▶ INPUT FOR THIS TASK
┌──

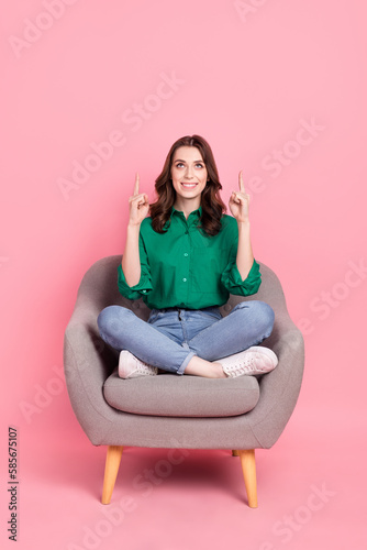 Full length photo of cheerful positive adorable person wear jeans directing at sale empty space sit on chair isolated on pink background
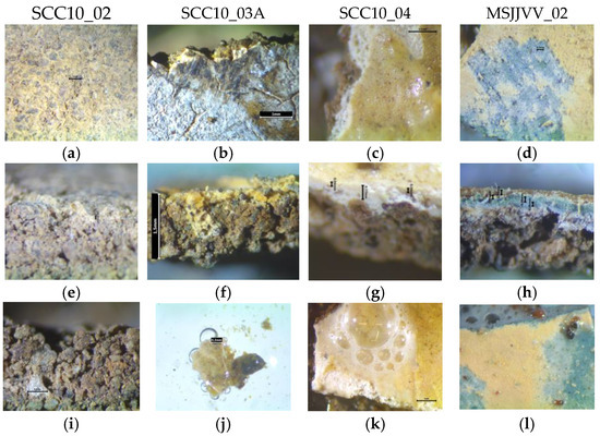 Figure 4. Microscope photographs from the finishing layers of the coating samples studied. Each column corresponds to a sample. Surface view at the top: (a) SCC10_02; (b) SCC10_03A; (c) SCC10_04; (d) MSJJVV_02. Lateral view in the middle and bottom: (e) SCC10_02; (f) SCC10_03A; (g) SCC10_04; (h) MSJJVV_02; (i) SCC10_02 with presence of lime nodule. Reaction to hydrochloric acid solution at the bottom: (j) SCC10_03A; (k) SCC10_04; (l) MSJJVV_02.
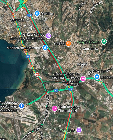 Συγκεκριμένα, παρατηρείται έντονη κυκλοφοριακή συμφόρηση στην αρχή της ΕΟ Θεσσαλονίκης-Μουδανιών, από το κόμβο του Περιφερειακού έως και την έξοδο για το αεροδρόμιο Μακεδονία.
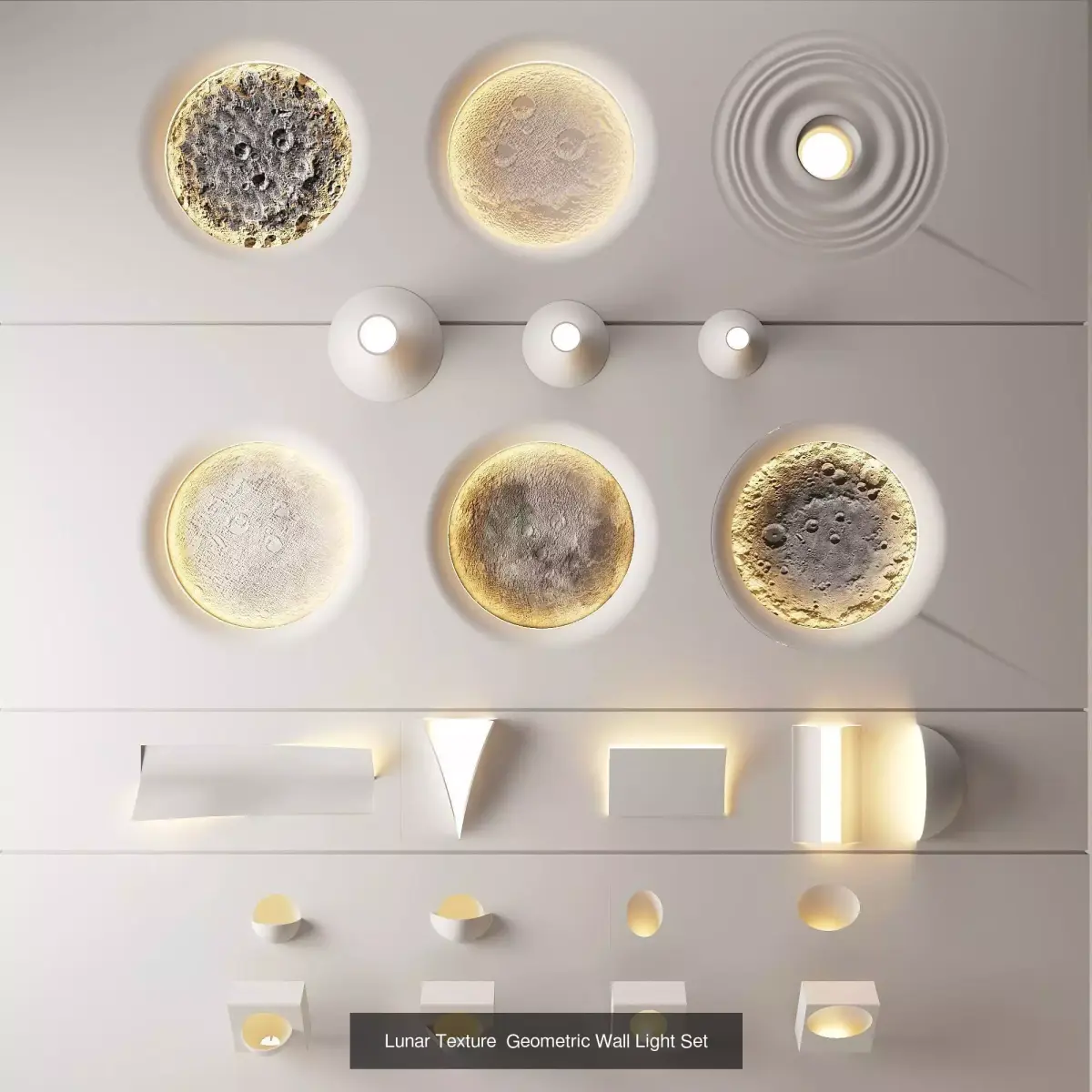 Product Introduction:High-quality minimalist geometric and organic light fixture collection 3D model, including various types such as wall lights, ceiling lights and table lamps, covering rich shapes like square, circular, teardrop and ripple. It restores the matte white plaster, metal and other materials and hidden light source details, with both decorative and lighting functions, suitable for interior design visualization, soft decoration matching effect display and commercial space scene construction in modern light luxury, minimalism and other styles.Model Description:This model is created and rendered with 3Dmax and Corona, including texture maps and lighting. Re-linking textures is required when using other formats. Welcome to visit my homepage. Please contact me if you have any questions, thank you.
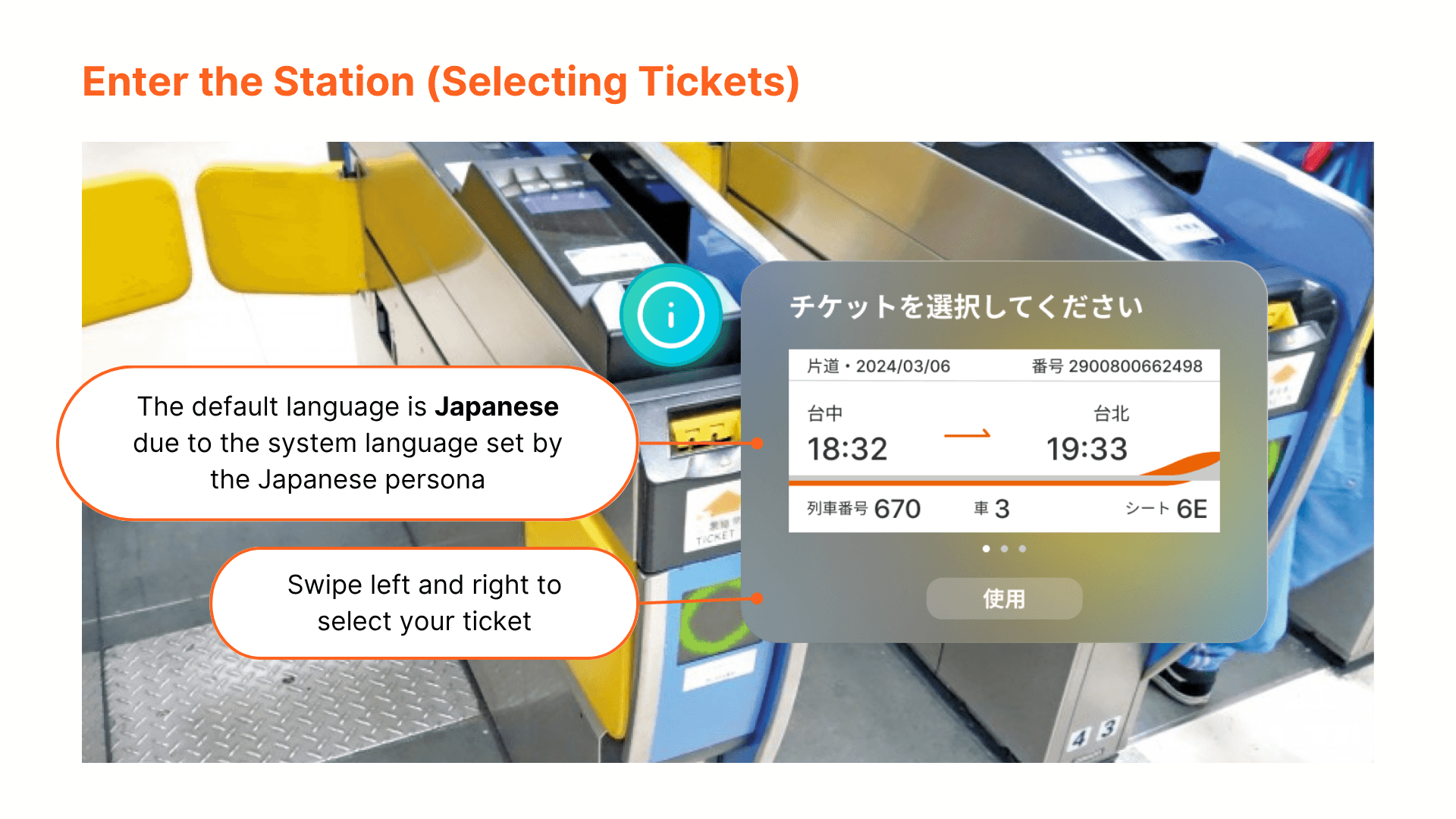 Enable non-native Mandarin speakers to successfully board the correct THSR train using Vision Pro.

└──

▶ WORK INSTRUCTIONS
Please reproduce the listing exactly, leaving out any pictures.

▶ TASK ANSWER
 Full length photo of cheerful positive adorable person wear jeans directing at sale empty space sit on chair isolated on pink background
 Figure 4. Microscope photographs from the finishing layers of the coating samples studied. Each column corresponds to a sample. Surface view at the top: (a) SCC10_02; (b) SCC10_03A; (c) SCC10_04; (d) MSJJVV_02. Lateral view in the middle and bottom: (e) SCC10_02; (f) SCC10_03A; (g) SCC10_04; (h) MSJJVV_02; (i) SCC10_02 with presence of lime nodule. Reaction to hydrochloric acid solution at the bottom: (j) SCC10_03A; (k) SCC10_04; (l) MSJJVV_02.
 Συγκεκριμένα, παρατηρείται έντονη κυκλοφοριακή συμφόρηση στην αρχή της ΕΟ Θεσσαλονίκης-Μουδανιών, από το κόμβο του Περιφερειακού έως και την έξοδο για το αεροδρόμιο Μακεδονία.
 Product Introduction:High-quality minimalist geometric and organic light fixture collection 3D model, including various types such as wall lights, ceiling lights and table lamps, covering rich shapes like square, circular, teardrop and ripple. It restores the matte white plaster, metal and other materials and hidden light source details, with both decorative and lighting functions, suitable for interior design visualization, soft decoration matching effect display and commercial space scene construction in modern light luxury, minimalism and other styles.Model Description:This model is created and rendered with 3Dmax and Corona, including texture maps and lighting. Re-linking textures is required when using other formats. Welcome to visit my homepage. Please contact me if you have any questions, thank you.
 Enable non-native Mandarin speakers to successfully board the correct THSR train using Vision Pro.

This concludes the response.